What needs to be done: An exact copy of every record is needed, with all pictures omitted.

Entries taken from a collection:
++++++++++

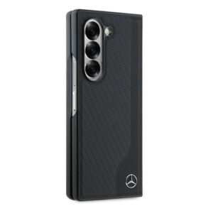 Tagakaaned Mercedes-Benz Mercedes Leather Wood Imitation MagSafe Case for Samsung Galaxy Z Fold 6 – Black
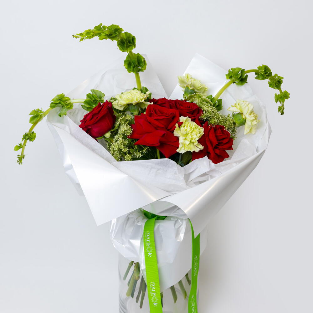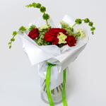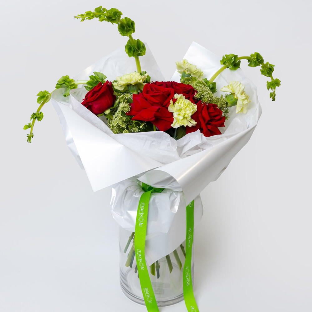 Зажгите комнату с Garden Flame — огненный букет, полный бархатистых красных роз, жизнерадостных гвоздик и пышной калины, которые танцуют вместе в совершенной гармонии. Нежные колокольчики Ирландии добавляют очаровательную нотку зелени, создавая потрясающую композицию, в равной степени смелую и прекрасную. Идеально подходит для празднования любви, страсти или просто чтобы зажечь сердца радостью. Этот эффектный букет приносит тепло и восторг на любой случай.
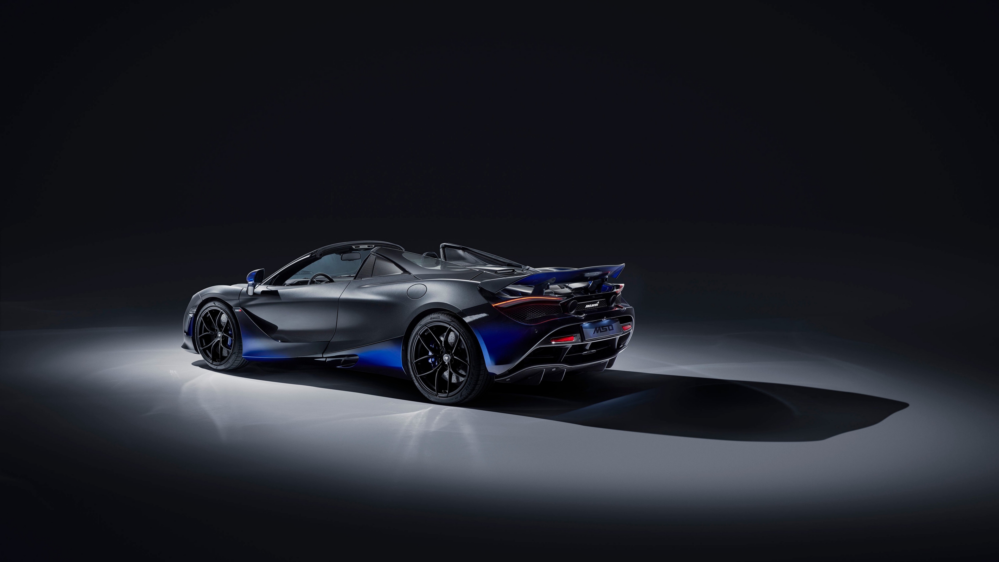 Description: A blue sports car is shown in the dark room with a spotlight on the floor and the top of the car.
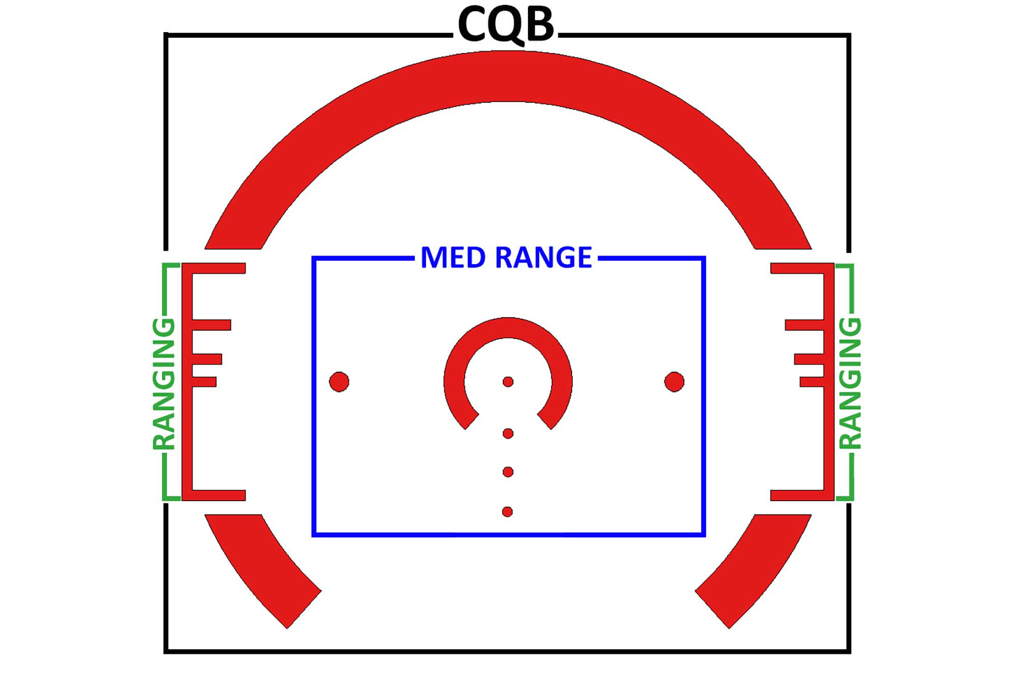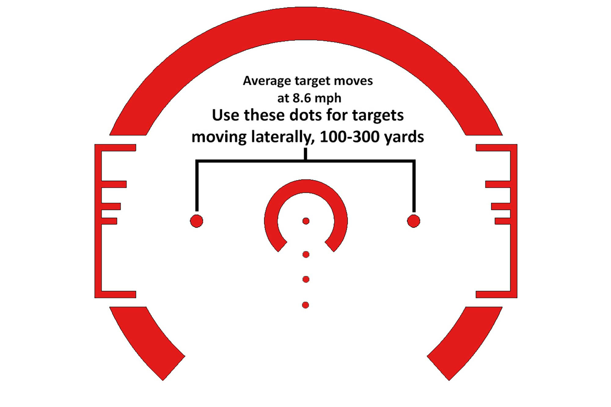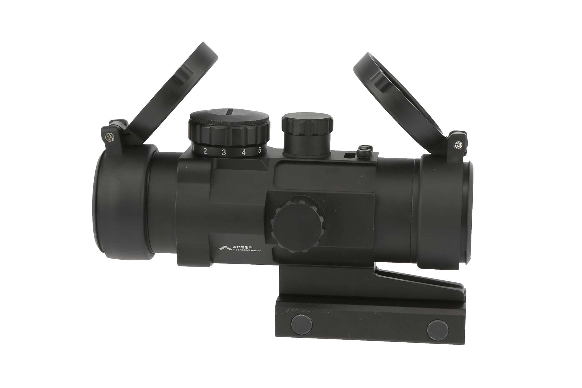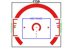 The heart of our tough 2.5X Prism Scope is the ACSS 5.56 CQB-M1 reticle that combines ranging, wind leads, moving target leads, and ballistic drop compensation out to 600 yards. The outer horseshoe of the glass etched reticle is used for close quarters engagement, simply place the generous semi-circle on the target and run with it! Each side of the horseshoe also has our integrated ranging system. Place the bottom of the target on the bottom rung and range up. If you know your targets are roughly 18 inches wide, they can be ranged on the side Auto Range system, or directly on the BDC hold overs! Two dots on either side of the inner horseshoe offer a moving target lead moving with an average speed of 8.6 MPH. Each step of the BDC system includes a 5 MPH wind hold, drastically improving first hit probability at any range. As an added bonus, the glass etched reticle does not require batteries or illumination, but 11 brightness settings (including daylight bright) allow for fast acquisition in close quarters, or enhanced visibility in fading light, powered by a common CR2032 battery!
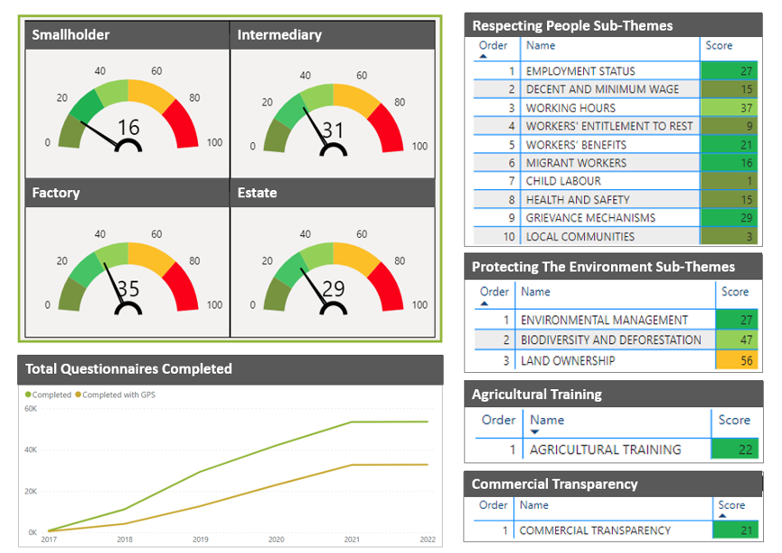 From the questionnaires, data points are then aggregated onto your personal web-based dashboard, that allows the visualization of the risks per sustainability topic: social, environment, agricultural training, and commercial transparency. The risk level calculated for each answer to a question can also be visualized.

++++++++++

Solution:
 Tagakaaned Mercedes-Benz Mercedes Leather Wood Imitation MagSafe Case for Samsung Galaxy Z Fold 6 – Black
 Зажгите комнату с Garden Flame — огненный букет, полный бархатистых красных роз, жизнерадостных гвоздик и пышной калины, которые танцуют вместе в совершенной гармонии. Нежные колокольчики Ирландии добавляют очаровательную нотку зелени, создавая потрясающую композицию, в равной степени смелую и прекрасную. Идеально подходит для празднования любви, страсти или просто чтобы зажечь сердца радостью. Этот эффектный букет приносит тепло и восторг на любой случай.
 Description: A blue sports car is shown in the dark room with a spotlight on the floor and the top of the car.
 The heart of our tough 2.5X Prism Scope is the ACSS 5.56 CQB-M1 reticle that combines ranging, wind leads, moving target leads, and ballistic drop compensation out to 600 yards. The outer horseshoe of the glass etched reticle is used for close quarters engagement, simply place the generous semi-circle on the target and run with it! Each side of the horseshoe also has our integrated ranging system. Place the bottom of the target on the bottom rung and range up. If you know your targets are roughly 18 inches wide, they can be ranged on the side Auto Range system, or directly on the BDC hold overs! Two dots on either side of the inner horseshoe offer a moving target lead moving with an average speed of 8.6 MPH. Each step of the BDC system includes a 5 MPH wind hold, drastically improving first hit probability at any range. As an added bonus, the glass etched reticle does not require batteries or illumination, but 11 brightness settings (including daylight bright) allow for fast acquisition in close quarters, or enhanced visibility in fading light, powered by a common CR2032 battery!
 From the questionnaires, data points are then aggregated onto your personal web-based dashboard, that allows the visualization of the risks per sustainability topic: social, environment, agricultural training, and commercial transparency. The risk level calculated for each answer to a question can also be visualized.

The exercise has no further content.